▶ AIM OF THE TASK: The required output is the exact run of lines below that opens at the line with "儿童可爱卡通敬老爱老word手抄报模板免费下载_办公简历模板" and closes at the line with "美濃焼 陶磁器 陶器 土鍋".
------------------------------------
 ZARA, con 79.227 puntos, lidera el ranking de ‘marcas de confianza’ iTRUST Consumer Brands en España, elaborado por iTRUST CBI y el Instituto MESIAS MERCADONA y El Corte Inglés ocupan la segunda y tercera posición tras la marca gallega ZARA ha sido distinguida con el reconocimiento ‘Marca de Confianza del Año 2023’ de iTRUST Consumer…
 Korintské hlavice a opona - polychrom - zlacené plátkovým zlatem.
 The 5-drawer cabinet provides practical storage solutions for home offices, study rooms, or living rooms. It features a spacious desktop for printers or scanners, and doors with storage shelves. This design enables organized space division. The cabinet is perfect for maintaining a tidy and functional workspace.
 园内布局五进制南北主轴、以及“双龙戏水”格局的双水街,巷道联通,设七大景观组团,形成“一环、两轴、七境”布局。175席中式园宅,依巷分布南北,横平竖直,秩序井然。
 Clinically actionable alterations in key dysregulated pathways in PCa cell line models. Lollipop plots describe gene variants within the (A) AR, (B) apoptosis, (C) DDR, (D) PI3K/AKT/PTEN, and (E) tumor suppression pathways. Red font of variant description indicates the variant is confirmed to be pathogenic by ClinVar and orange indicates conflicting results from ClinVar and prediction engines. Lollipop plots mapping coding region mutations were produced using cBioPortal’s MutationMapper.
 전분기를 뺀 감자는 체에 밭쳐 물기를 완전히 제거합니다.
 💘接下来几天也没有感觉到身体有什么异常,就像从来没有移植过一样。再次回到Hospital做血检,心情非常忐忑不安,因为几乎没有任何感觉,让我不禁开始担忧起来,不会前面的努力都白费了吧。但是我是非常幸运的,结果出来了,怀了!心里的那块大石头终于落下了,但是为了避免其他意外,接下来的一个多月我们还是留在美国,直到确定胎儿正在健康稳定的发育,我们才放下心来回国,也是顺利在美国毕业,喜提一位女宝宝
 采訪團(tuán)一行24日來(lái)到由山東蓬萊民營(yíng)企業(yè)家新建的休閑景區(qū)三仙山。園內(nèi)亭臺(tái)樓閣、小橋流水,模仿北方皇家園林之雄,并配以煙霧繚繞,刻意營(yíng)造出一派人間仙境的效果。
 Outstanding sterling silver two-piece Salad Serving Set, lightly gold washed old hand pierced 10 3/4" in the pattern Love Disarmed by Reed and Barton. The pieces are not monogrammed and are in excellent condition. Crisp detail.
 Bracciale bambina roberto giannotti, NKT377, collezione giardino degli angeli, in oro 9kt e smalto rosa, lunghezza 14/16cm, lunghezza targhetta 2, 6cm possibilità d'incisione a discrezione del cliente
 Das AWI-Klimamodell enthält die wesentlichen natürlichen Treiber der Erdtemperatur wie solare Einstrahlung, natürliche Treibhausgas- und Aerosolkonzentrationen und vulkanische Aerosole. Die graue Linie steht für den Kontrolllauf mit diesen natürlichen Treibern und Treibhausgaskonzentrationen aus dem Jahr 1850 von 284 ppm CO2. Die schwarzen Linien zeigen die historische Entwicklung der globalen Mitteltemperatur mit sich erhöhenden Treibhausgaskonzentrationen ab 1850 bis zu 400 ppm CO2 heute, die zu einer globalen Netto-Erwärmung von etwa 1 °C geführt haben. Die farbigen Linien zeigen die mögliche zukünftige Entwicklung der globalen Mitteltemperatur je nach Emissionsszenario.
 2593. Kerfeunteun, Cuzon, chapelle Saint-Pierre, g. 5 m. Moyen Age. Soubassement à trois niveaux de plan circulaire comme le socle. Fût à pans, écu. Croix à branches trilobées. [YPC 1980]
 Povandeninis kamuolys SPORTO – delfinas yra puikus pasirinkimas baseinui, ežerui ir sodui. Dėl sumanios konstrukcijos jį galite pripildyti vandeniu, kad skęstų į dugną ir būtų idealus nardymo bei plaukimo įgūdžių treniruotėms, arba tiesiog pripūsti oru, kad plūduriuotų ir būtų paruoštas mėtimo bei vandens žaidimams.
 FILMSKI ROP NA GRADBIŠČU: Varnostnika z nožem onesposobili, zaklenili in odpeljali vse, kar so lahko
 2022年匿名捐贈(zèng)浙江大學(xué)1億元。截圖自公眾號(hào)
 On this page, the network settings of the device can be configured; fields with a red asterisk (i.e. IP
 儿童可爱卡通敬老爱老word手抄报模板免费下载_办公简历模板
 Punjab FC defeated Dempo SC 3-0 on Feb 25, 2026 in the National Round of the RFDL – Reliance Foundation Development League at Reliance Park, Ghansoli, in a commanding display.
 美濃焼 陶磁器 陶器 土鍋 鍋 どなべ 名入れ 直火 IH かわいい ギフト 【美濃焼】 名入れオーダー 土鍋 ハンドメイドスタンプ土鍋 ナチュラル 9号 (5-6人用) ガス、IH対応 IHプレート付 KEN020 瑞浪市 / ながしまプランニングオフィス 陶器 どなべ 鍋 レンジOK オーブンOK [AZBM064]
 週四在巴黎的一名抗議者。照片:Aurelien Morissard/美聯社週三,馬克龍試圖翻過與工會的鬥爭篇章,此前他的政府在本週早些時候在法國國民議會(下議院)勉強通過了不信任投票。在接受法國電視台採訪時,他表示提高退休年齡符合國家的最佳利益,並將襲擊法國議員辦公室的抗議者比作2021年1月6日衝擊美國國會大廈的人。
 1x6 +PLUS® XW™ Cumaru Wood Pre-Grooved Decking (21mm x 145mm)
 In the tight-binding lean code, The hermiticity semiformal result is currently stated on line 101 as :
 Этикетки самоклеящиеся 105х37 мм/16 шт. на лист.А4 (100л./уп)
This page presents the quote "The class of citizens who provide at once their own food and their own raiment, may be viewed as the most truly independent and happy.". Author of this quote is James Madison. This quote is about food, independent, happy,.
------------------------------------
▶ ANSWER BOX:
 儿童可爱卡通敬老爱老word手抄报模板免费下载_办公简历模板
 Punjab FC defeated Dempo SC 3-0 on Feb 25, 2026 in the National Round of the RFDL – Reliance Foundation Development League at Reliance Park, Ghansoli, in a commanding display.
 美濃焼 陶磁器 陶器 土鍋 鍋 どなべ 名入れ 直火 IH かわいい ギフト 【美濃焼】 名入れオーダー 土鍋 ハンドメイドスタンプ土鍋 ナチュラル 9号 (5-6人用) ガス、IH対応 IHプレート付 KEN020 瑞浪市 / ながしまプランニングオフィス 陶器 どなべ 鍋 レンジOK オーブンOK [AZBM064]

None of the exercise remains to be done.